Second, you are mixing synchronious and asynchronious operations in your code. As you can't use TPL and async/await, let's go through you code and count the unit-of-works you are creating, so you can minimize them. After you do this, the number of queued items in ThreadPool will decrease and your application will gain performance you need.

其次,您在代码中混合了同步和异步操作。由于您无法使用TPL和async / await,让我们通过您的代码并计算您正在创建的工作单元,以便最小化它们。执行此操作后,ThreadPool中的排队项目数将减少,您的应用程序将获得所需的性能。

  1. You don't set the SetMaxThreads method in your application, so, according the MSDN:


    Maximum Number of Thread Pool Threads
    The number of operations that can be queued to the thread pool is limited only by available memory; however, the thread pool limits the number of threads that can be active in the process simultaneously. By default, the limit is 25 worker threads per CPU and 1,000 I/O completion threads.

    最大线程池线程数可以排队到线程池的操作数仅受可用内存的限制;但是,线程池会限制同时在进程中处于活动状态的线程数。默认情况下,限制为每个CPU 25个工作线程和1,000个I / O完成线程。

    So you must set the maximum to the 5.


  2. I can't find a place in your code where you check the 42 images per Job, you are only incrementing the value in ProcessPage method.


  3. Check the ManagedThreadId for the handle of WebClient.DownloadStringCompleted - does it execute in different thread or not.
  4. 检查ManagedThreadId以获取WebClient.DownloadStringCompleted的句柄 - 它是否在不同的线程中执行。

  5. You are adding the new item in ThreadPool queue, why are you using the asynchronious operation for Downloading? Use a synchronious overload, like this:


    ProcessPage(wc.DownloadString(downloadLink), false, j);

    This will not create another one item in ThreadPool queue, and you wouldn't have a sinchronisation context switch here.

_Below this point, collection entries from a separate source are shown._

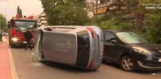 Όπως βλέπετε και από τα πλάνα που μεταδόθηκαν στην εκπομπή «Ώρα Ελλάδος», στην τηλεόραση του OPEN αυτοκίνητο χτύπησε με δύναμη σε παρκαρισμένα οχήματα και σχεδόν τούμπαρε.
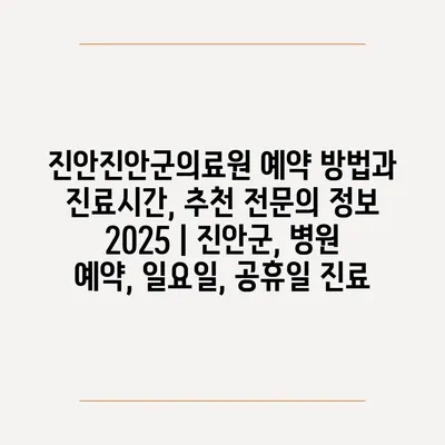 ✅ 진안진안군의료원 예약 방법을 지금 바로 알아보세요!
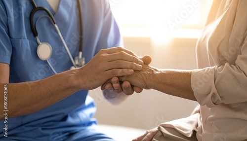 © Pp, Obraz premium Medical Professional Comforting Patient in Blue Scrubs with Stethoscope Offering Support and Care Holding Hands in Warm Sunlight in Healthcare Setting
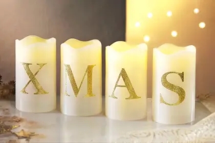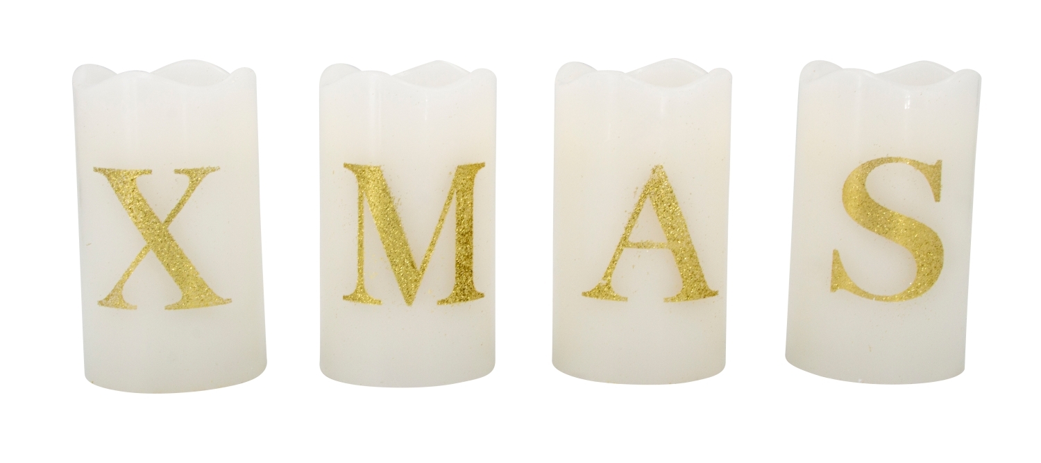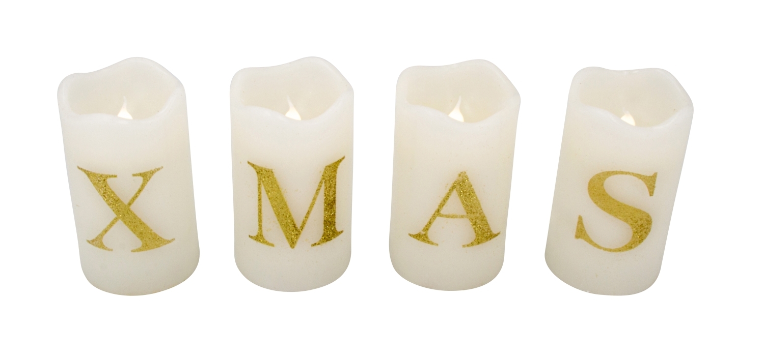 LED-Kerzen weiß mit "XMAS" h=12cm d=7cm, Set-preis für 4 Stück!
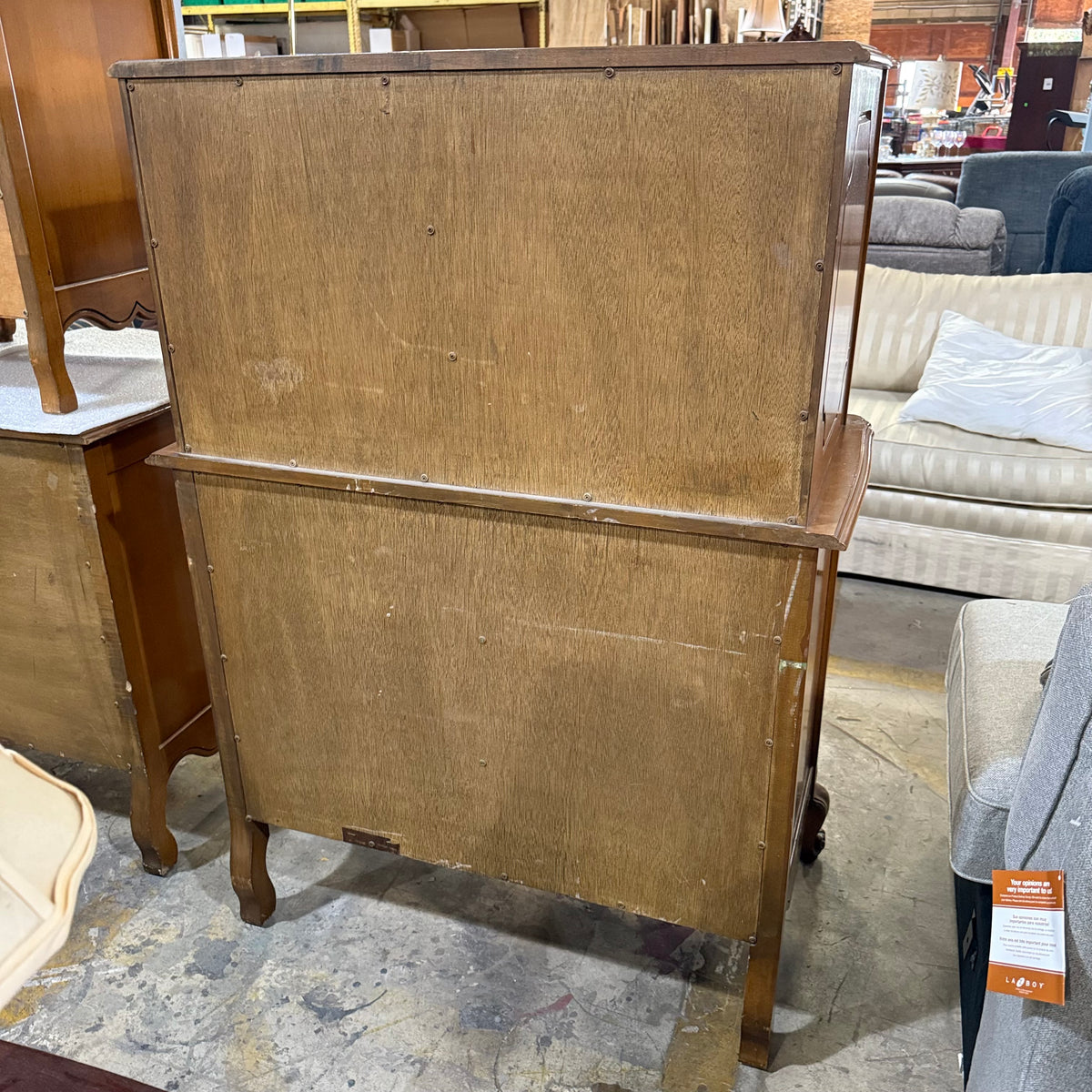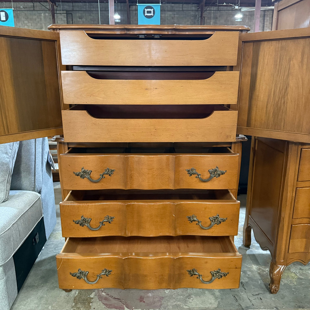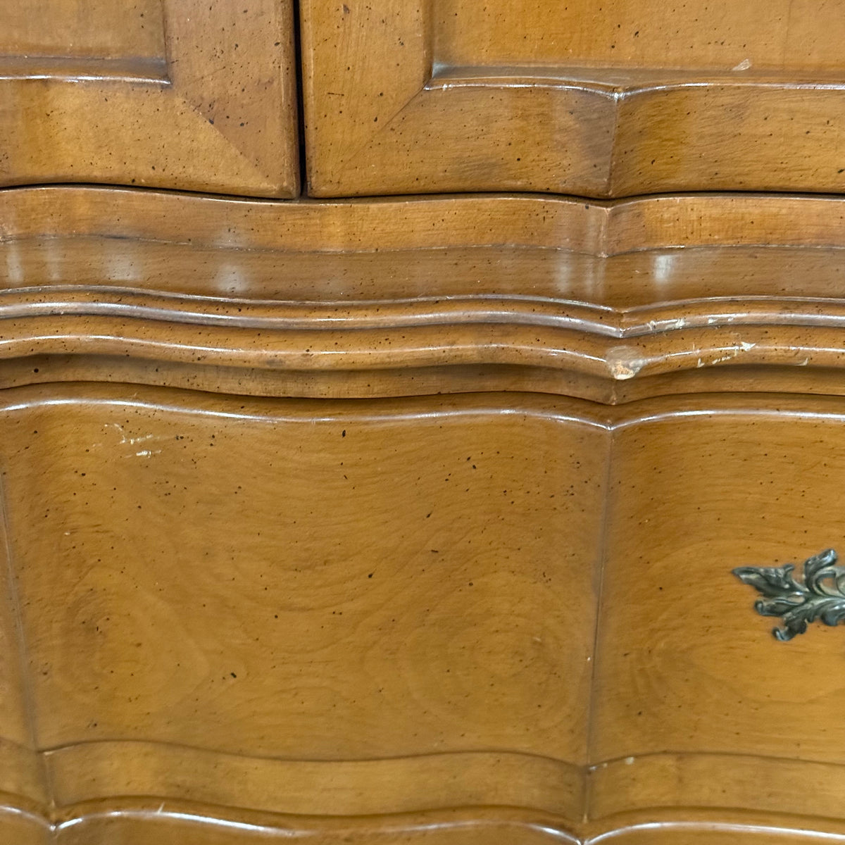 This is a previously owned vintage mid-century carved chest of drawers. It sits on cabriole feet and is made of walnut wood. It features a flat top with scrolled flourishes carved onto the doors and contains three hidden drawers behind the double doors, and three additional spacious drawers below. The drawers are finished with dovetail joints and have French provincial hardware installed.

  6. In ProcessPage your wc variable doesn't being garbage collected, so you aren't freeing all your resourses here. Add using statement here:


    void ProcessPage(string response, bool secondPass, Job j)
        using (var wc = new WebClient())
            LinkItem[] linkRespOnse= LinkFinder.Find(response).ToArray();
            foreach (LinkItem i in linkResponse)
                if (secondPass)
                    if (string.IsNullOrEmpty(i.Href))
                    else if (i.Href.Contains("http://loreipsum."))
                        if (DownloadImage(i.Href, ID(i.Href)))
                    if (i.Href.Contains(";id="))
                        var alterRespOnse= wc.DownloadString("http://www." + j.Provider.ToString() + "/index.php?page=post&s=view&id=" + ID(i.Href));
                        ProcessPage(alterResponse, true, j);
  7. In DownloadImage method you also use the asynchronious load. This also adds item in ThreadPoll queue, and I think that you can avoid this, and use synchronious overload too:


    wc.DownloadFile(url, id + ext);
    return true; 

So, in general, avoid the context-switching operations and dispose your resources properly.



Your wc WebClinet will go out of scope and be randomly garbage collected before the async callback. Also on all async calls you have to allow for immediate return and the actual delegated function return. So processPage will have to be in two places. Also the j in the original loop may be going out of scope depending on where Download in the original loop is declared.

您的wc WebClinet将超出范围并在异步回调之前随机进行垃圾回收。此外,对于所有异步调用,您必须允许立即返回并返回实际的委托函数。所以processPage必须在两个地方。此外,原始循环中的j可能超出范围,具体取决于声明原始循环中的下载位置。